Wrong? setting fire to bank or that hes an scapegoat ?


----------



## bote (Dec 2, 2009)

Truly sorry for your friend, but I have to say it could have been a lot worse. If the article is telling the truth, it said he didn´t plan it, so he had no way of knowing if there was anybody in the building, they could conceivably have charged him with attempted something or other, rather than just arson...

I guess the lesson here is if you´re going to bloc up, do it right, ain´t no fashion show:

¨...despite attempts by Lenartavicius to conceal his identity, police relayed details of his distinctive studded hood¨


----------



## Franny (Dec 2, 2009)

I'm sure he did have good intentions, and by no means am I saying something along the lines of "he got what he had coming." It is unfair that he's being used as an example by the state, but maybe we should follow suit and use this incidence and all similar ones as an example of what can happen when we let our emotions get the best of us. 

Violence in any form when it's instigated by anarchists doesn't do anyone justice.

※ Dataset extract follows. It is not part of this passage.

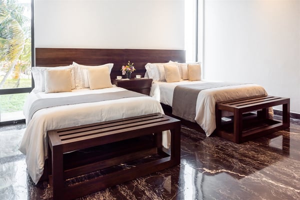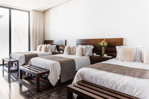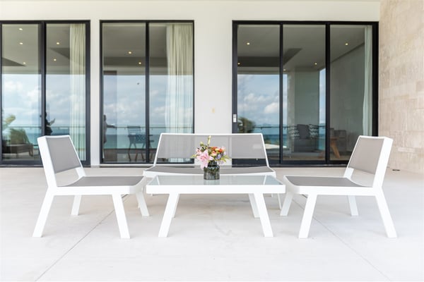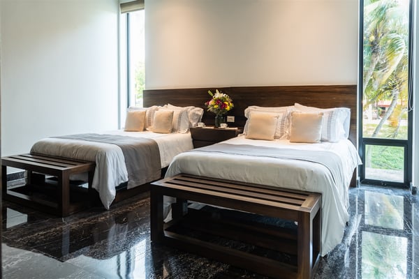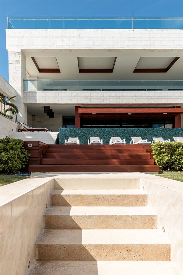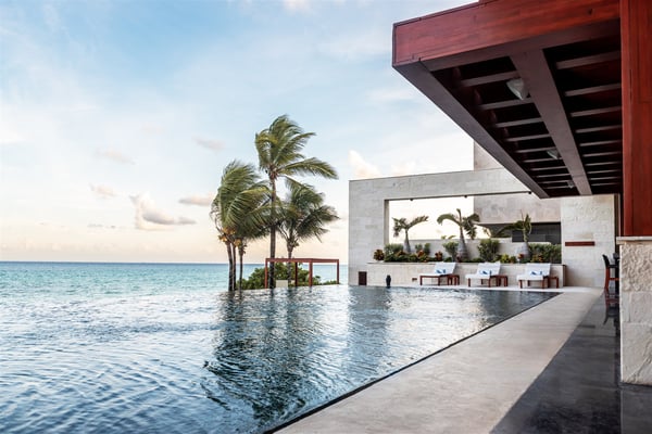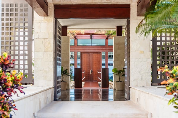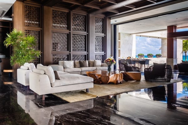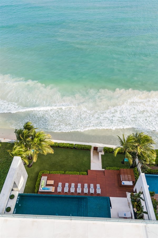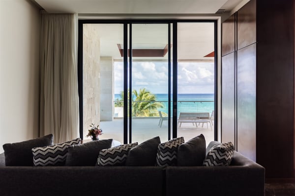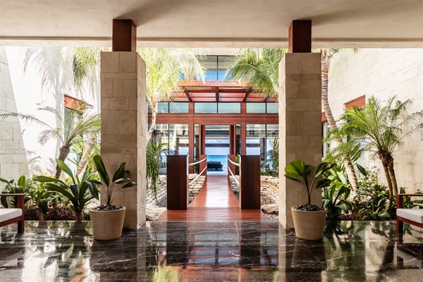 Spectacular aquamarine ocean, blue sky and white fluffy cloud vistas await you at Casa Nube Blanca. This uber luxurious fully staffed beach home is located on sandy shores in the exclusive Playacar Phase 1. Enter Casa Nube Blanca across a wooden bridge above the cenote-inspired water feature and tropical palms entrance. Here, you will receive a warm welcome by your butler and villa host, cool lemonade and cocktails with a twist will refresh you. The expansive contemporary open-plan living room, dining, and fully equipped gourmet kitchen offers unparalleled views. Step from here onto the villa's huge covered terrace with outdoor dining and living. Enjoy blissful sun-soaked days lounging poolside, step onto soft white sand and enjoy floating in the warm Mexican Caribbean ocean. The villa features six luxurious suites that you will sink into…. the main suite has a connecting studio/office), and there is ample space for relaxation and privacy. The two oceanfront suites with gorgeous ocean views lead to the villa's huge terrace… enjoy morning yoga with the sunrise, chillaxing and sunsets pre-dinner aperitifs with incredible vistas! Just a few steps from the Famous 5th Avenue, you have many restaurants, boutiques, cafes, bars and hip nightlife. Golf and tennis are close by. Along the coast, you have many places of outstanding beauty, beaches, cenotes, eco-parks, World-class scuba diving, the Mayan ruins and much more. For an extraordinary vacation experience, choose Casa Nube Blanca.
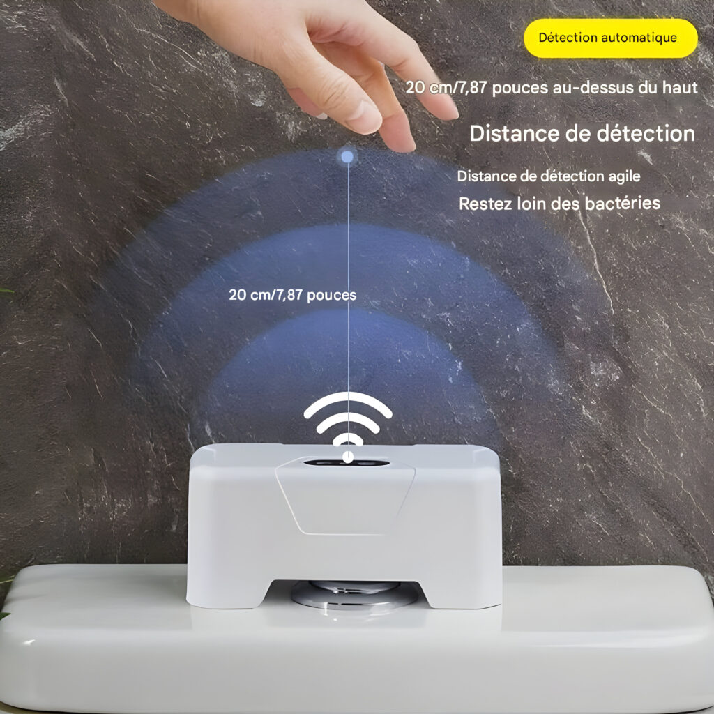 Technologie de Détection Infrarouge : Ce dispositif utilise un capteur infrarouge innovant qui détecte votre main et déclenche automatiquement le rinçage des toilettes, évitant ainsi tout contact avec les surfaces.

Yes, I'm sure the police dealt their own violence to the protestors, yaddayadda, but what's going to be publicised is the wrongdoings of the anarchists. We're not a likeable group these days. I've never thought that violent insurrection does much good (and this is the sole reason I've been steering clear of such protests lately), and this is a prime example. Not only is this particular person jailed for two years, but countless people have read this article and formed even more negative opinions of anarchists and anarchism. It's my hope that all anarchists in general make themselves and their actions admirable.

And...this. A MILLION FUCKING TIMES, this:



bote said:


> I guess the lesson here is if you´re going to bloc up, do it right, ain´t no fashion show:
> 
> ¨...despite attempts by Lenartavicius to conceal his identity, police relayed details of his distinctive studded hood¨


----------